Bagi KKP, lanjut Nilanto, keberhasilan memulangkan 15 nelayan Indonesia dari Malaysia sangat bernilai karena berhasil menyatukan mereka dengan keluarga kembali yang sempat terpisahkan selama hampir dua pekan lebih.

Pemerintah Indonesia harus melakukan komunikasi dan koordinasi yang intens dengan Malaysia untuk pemulangan mereka. Cara itu dilakukan, karena Pemerintah ingin melindungi mereka dari kemungkinan jeratan hukum Malaysia.

Komunikasi yang intesif itu dilakukan oleh Direktorat Jenderal PSDKP KKP, berbekal perjanjian Memorandum of Understanding on Common Guidelines antara Indonesia dengan Malaysia. Dengan landasan kuat tersebut, pihak APMM Malaysia bersedia melepaskan 15 nelayan yang masuk perairan Malaysia.

Diketahui, MoU yang menjadi landasan komunikasi tersebut adalah kesepakatan aparat penegak hukum di bidang maritim antara Indonesia dengan Malaysia. Perjanjian tersebut menyepakati langkah-langkah penanganan terhadap nelayan kedua negara yang melakukan kegiatan penangkapan ikan di wilayah yang berstatus unresolved maritime boundaries atau wilayah laut yang belum ditentukan batas maritim.

“MoU tersebut merupakan kerangka hukum yang membuat upaya persuasif dapat dilakukan oleh Ditjen PSDKP dengan mengedepankan prinsip saling menghormati kedua Negara,” ungkap Nilanto.

Untuk saat ini, 15 nelayan yang berprofesi sebagai AKP itu sudah kembali beraktivitas melakukan penangkapan ikan seperti biasa, setelah sebelumnya diserahterimakan kepada Pangkalan PSDKP Batam di Kepulauan Riau. Seluruh nelayan tersebut dijemput oleh Kapal Pengawas Hiu Macan Tutul 02 dan langsung dibawa ke Batam.

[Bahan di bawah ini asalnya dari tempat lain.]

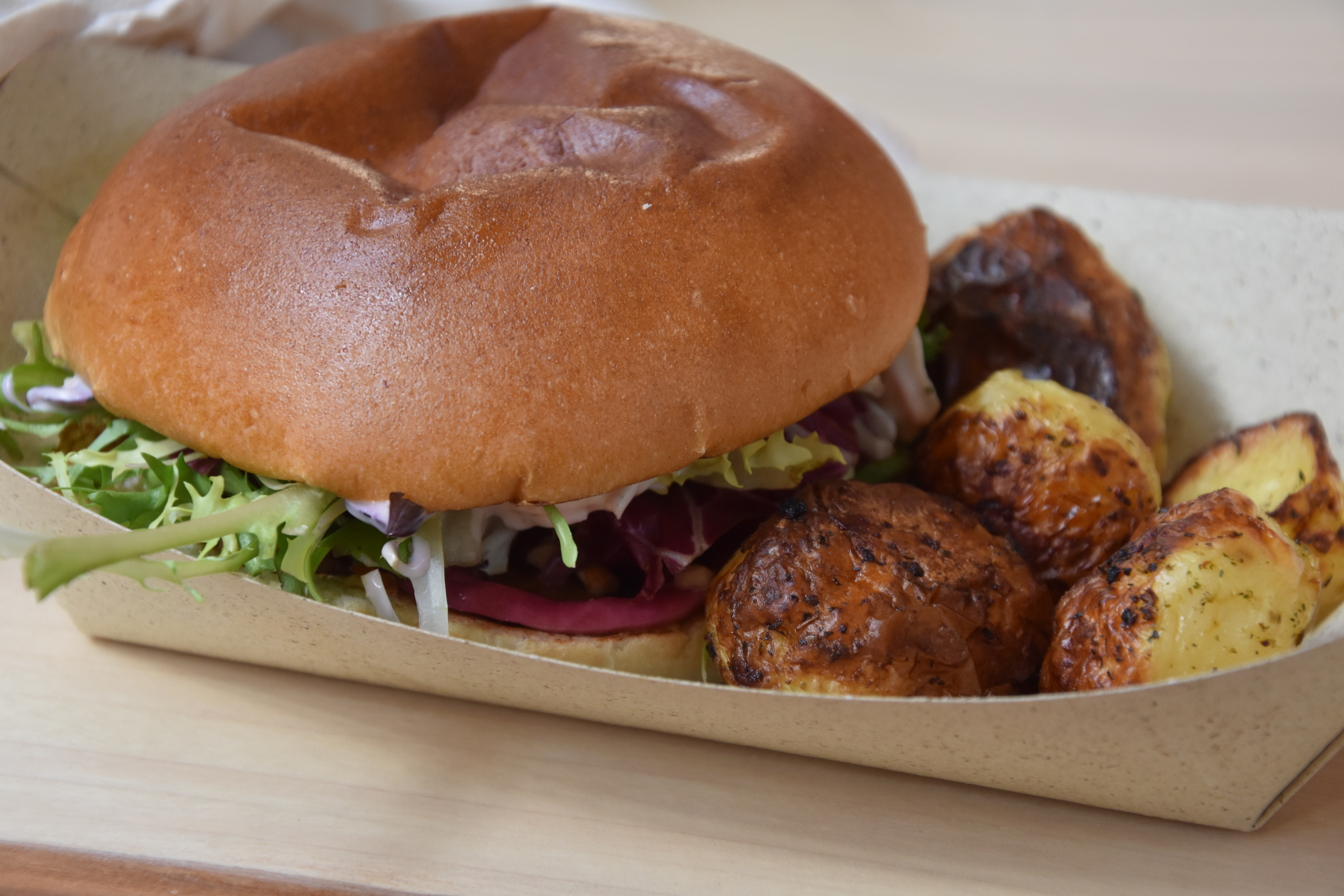 I ordered the Veggie Burger, which was a shredded, veggie, BBQ chicken. I hadn’t had a BBQ veggie meat sandwich since visiting the USA. It was so delicious that I could have eaten that meal for an entire week!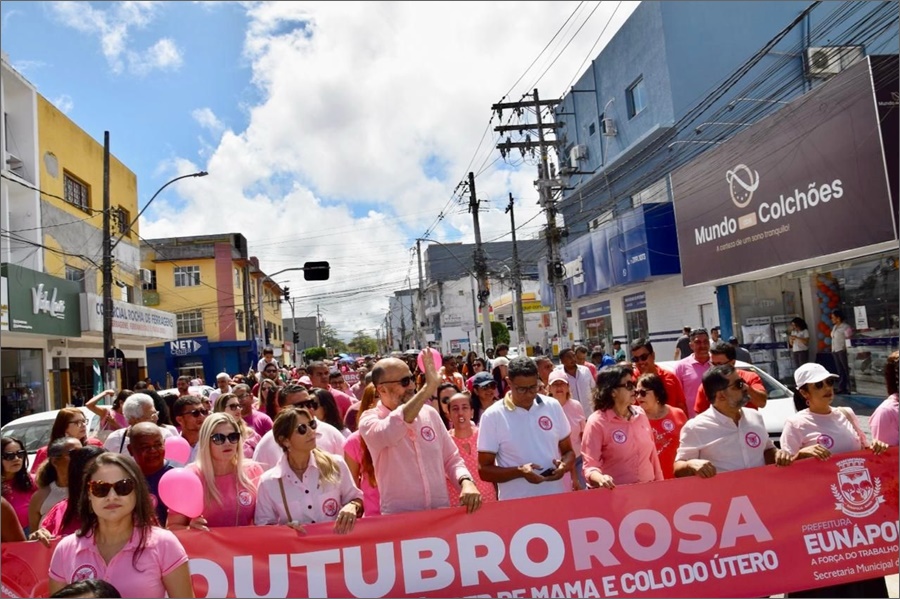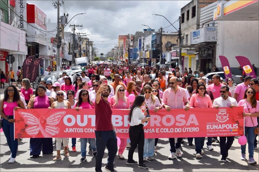 A Prefeitura de Eunápolis deu início, nesta sexta-feira (3), à Campanha Outubro Rosa com uma caminhada que reuniu servidores públicos, profissionais de saúde e moradores. A mobilização marcou o início de um mês dedicado à prevenção e conscientização sobre o câncer de mama e o câncer do colo do útero — duas das doenças que mais afetam mulheres em todo o Brasil.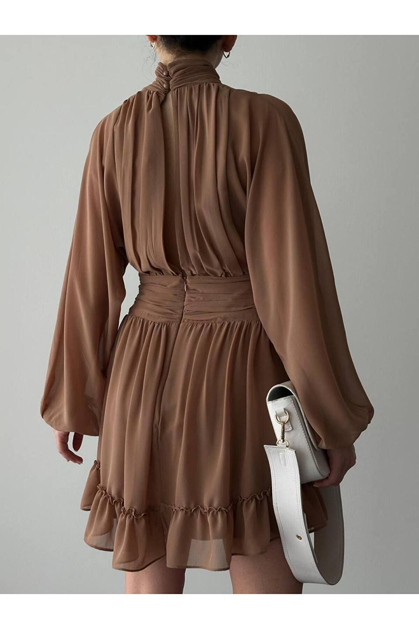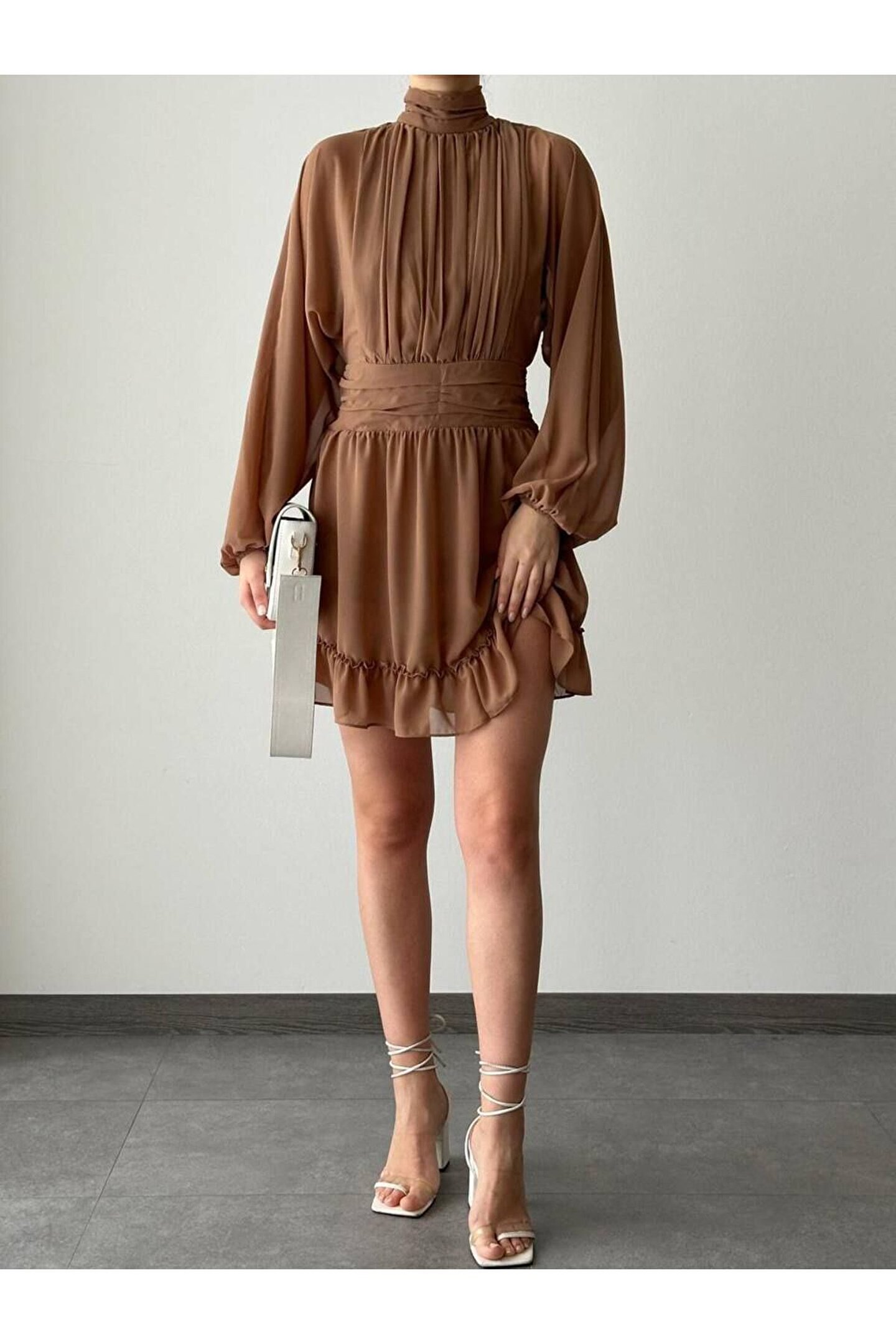 popibutik Dik Yakalı Drapeli Mini Kahve Şifon Elbise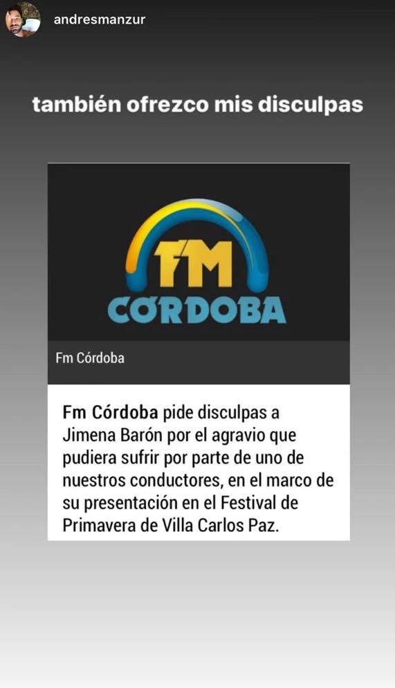 Sin embargo, se esperaba un pedido de disculpas del parte del cordobés, que llegó hace pocas horas y de una manera bastante particular. FM Córdoba publicó: “Pedimos disculpas a Jimena Barón por el agravio que pudiera sufrir por parte de uno de nuestros conductores, en el marco de su presentación en el Festival de Primavera de Villa Carlos Paz”.

“(Penjemputan) ini menjadi hal yang penting bagi kami sebagai bentuk langkah nyata kehadiran KKP untuk selalu melindungi nelayan dan masyarakat kelautan perikanan,” tuturnya.

baca juga : Benarkah Perlindungan Pemerintah pada ABK Indonesia Masih Tidak Maksimal?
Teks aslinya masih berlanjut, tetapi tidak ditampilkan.